Desired output after deshtml and lt-proc analysis:

[][<p>]^one/one<num><sg>/one<prn><tn><mf><sg>$^,/,<cm>$ [{<i>}]^two/two<num><sp>$ [{<i>}]^and/and<cnjcoo>$ ^three/three<num><sp>$[][<\/p>
]

Deliverable-2

  • Complete the work on formatter and lt-proc modules to bring them to descent/integratable level .
  • start writing tests and testing them.

Week 9-13

  • Final deliverable.
  • Doing the cleanup of the codes and fixing minor/major bugs.
  • Complete Integration of modules.
  • Writing all the test and testing them
  • Ensuring all the non-modified modules are working fine with the new/edited ones.
  • Documenting the work done in the project.

Short self-introduction

I am 3rd year a Dual degree (B.Tech + MS) program student in Computer science and Engineering at IIIT-Hyderabad, India. I’m doing my Masters in Computational linguistics on the topic “semantic similarity between sentences” and also a semester project currently in machine translation.

I am fluent in C/C++, python, HTML, CSS, MySql and a bit of javascript.

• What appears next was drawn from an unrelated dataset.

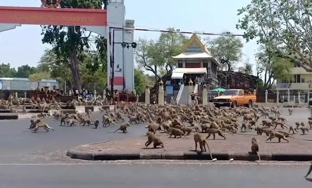 泰国中部,数百只猴子冲上大街,为了抢夺香蕉而“大打出手”。

I am highly interested in Natural language processing and its sub-fields which is why I’m pursuing my Masters in this field. It is also due to the very practical use of NLP processes in the day to day life which fascinates me.

Open source contributions

  • I have contributed to sympy with some minute bugs
  • added some language text data to cltk org
  • some contributions to FOSSASIA for their open-event web app and loklak-server
  • sagemath for some additions in their website

Merged open-source contributions.

College projects (Non-open source contributions)

I would be staying in the college in summers for my MS project and apart from that I have no prior commitments so would be able to devote most of my time (6-8 hours 6 days a week) to the project. Also will be taking a week vacation in July.

Coding challenges:

Deformatting

Pretransfer

Transfer

Non-Summer of code plans

Will be taking one week vacation in July.